In a report to the School Committee, Klimkiewicz listed the cost of school lunches at a number of area high schools, with the average coming to $2.76 for students and $3.46 for adults.

Currently, Nashoba Tech charges $2 for students.

The superintendent told committee members that the reason for the increase was the rising cost of meals to the district due largely to federal requirements that all meals represent the four basic food groups, including fruit and vegetables.

Adhering to the requirements is needed in order for the district to qualify for food-assistance grants from the government that help pay for those students who eat free due to financial hardship.

Klimkiewicz said the number of such students keeps climbing every year, with the latest figure being 20 percent of the student body receiving free meals.

As a result of those factors, she recommended that the cost of meals at the school be increased to $2.75 for students and $3.50 for adults, bringing it into line with the regional average.

Also at their meeting of April 9, School Committee members voted on a number of amendments to the district’s policies, including “nondiscrimination on the basis of gender identity.”

The move comes in the wake of a directive from the Massachusetts Department of Elementary and Secondary Education, which amended the wording of its existing policy adding gender identity to its list of protected classes of students which also includes “race, color, sex … religion, national origin, or sexual orientation.”

The change in the department’s policy was made in response to state law mandating nondiscrimination against “transgender” individuals.
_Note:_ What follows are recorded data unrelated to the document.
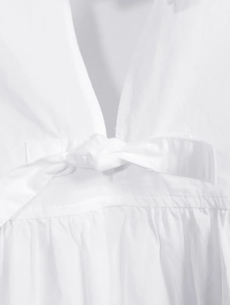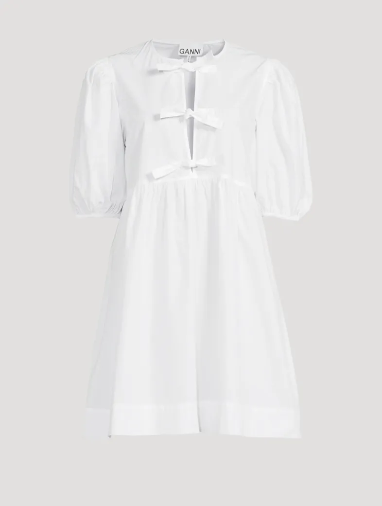 Designed for a relaxed fit, this short dress features an open round neckline with tie closures and signature puff sleeves with elastic edges. Made from 100% organic cotton, this slightly sheer mini dress is finished with a relaxed-fit silhouette.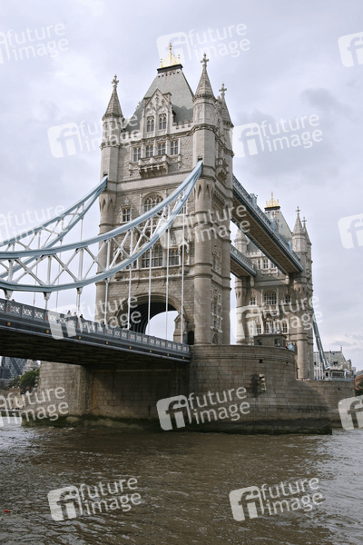 Klappbrücke, Neugotik, 244 Meter lang, Höhe der Brückentürme 65 Meter, die Fahrbahn zwischen den 61 Meter voneinander entfernten Türmen liegt neun Meter über dem Fluss, Fußgängerbrücke in 43 Meter Höhe, die beiden Baskülen können bis zu einem Winkel von 83 Grad hochgeklappt werden, Architekt Horace Jones, erbaut 1886 bis 1894, Themse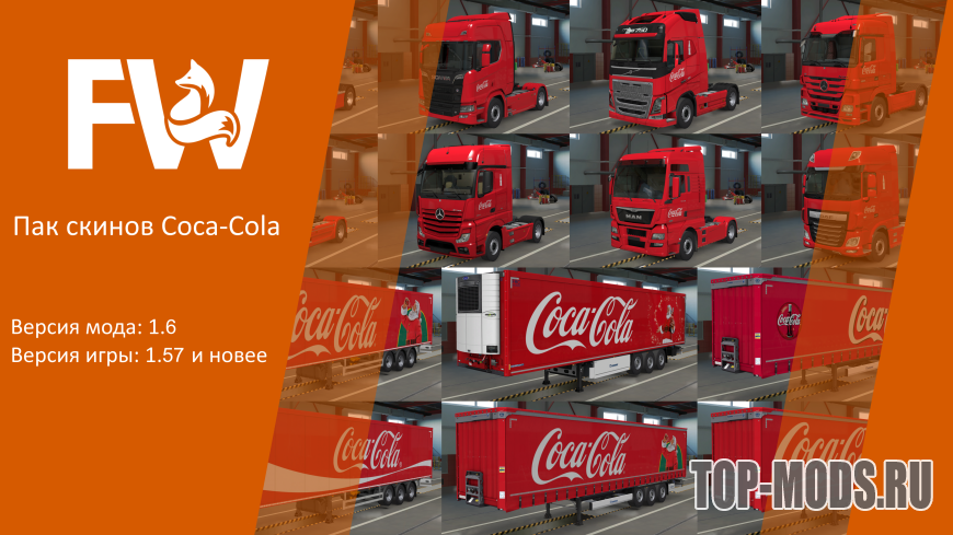 Скин «Пак скинов Coca-Cola от Mr.Fox» версия 1.6 для Euro Truck Simulator 2 (v1.57.x)

Wording in the policy change, however, does not include instruction on how such nondiscrimination is to be implemented, sparking brief comment by the superintendent on questions of restroom privileges.

Klimkiewicz noted that the law allowed transgender individuals the choice of boys or girls restrooms even if they considered themselves a member of the opposite sex only in their own minds.

As a result, the superintendent said that until more specific school policy can be hammered out, the restroom in the nurse’s office could be used by those students “uncomfortable” with sharing a restroom with a member of the opposite sex.

According to the department’s wording, “No person shall be excluded or discriminated against in admission to a public school of any town or in obtaining the advantages, privileges, and courses of study of such public school.”

Although no advice is given on how to make such a nondiscrimination policy work, the department’s directive does offer some words of comfort to school districts.

“This guidance is intended to help school and district administrators take steps to create a culture in which transgender and gender nonconforming students feel safe, supported, and fully included.”

Committee members also voted to accept policy changes that would allow students to self-administer epinephrine injections in school; the distribution of influenza immunization to students on an annual basis; the acquisition of state and federal background checks and fingerprinting for determining the suitability of current and prospective employees of the district; and making sure that expelled students continue to receive instruction.

Committee members also voted to approve the expenditure of $27,440 for unforeseen expenses dealing with the design of a planned track and field facility.

Those expenses were incurred after the Westford Conservation Commission turned down the district’s application to build the facility when plans would have had it endanger nearby wetlands.

Going back to the drawing board, the engineering firm hired by the school to design the complex was able to reconfigure things so that there was no intrusion and to resubmit the altered designs to the Planning Board for review.

The School Committee voted last year to authorize the superintendent to move forward with a survey of the acreage behind the existing school building where the track and field complex is to be located as well as establish the boundary between school property and adjacent St. Mary’s Drive.

Landtech Consultants Inc. were hired to do the surveying and later Tighe & Bond was brought on board for engineering services covering the design of the complex, which is to include a six-lane running track, synthetic turf, a prepared practice field area, and eventually four new tennis courts.

The entire estimated cost of the new sports complex has been estimated at between $1.5 million and $2 million.

The School Committee also voted to authorize Klimkiewicz to seek bids for construction materials needed for a second project, that of renovating an existing barn building into a new dance and art studio.

Cost of renovating the building has been estimated at $70,000 which is to be raised from within the district’s existing budget.

The renovation work is expected to be conducted by students in the schools various shop programs.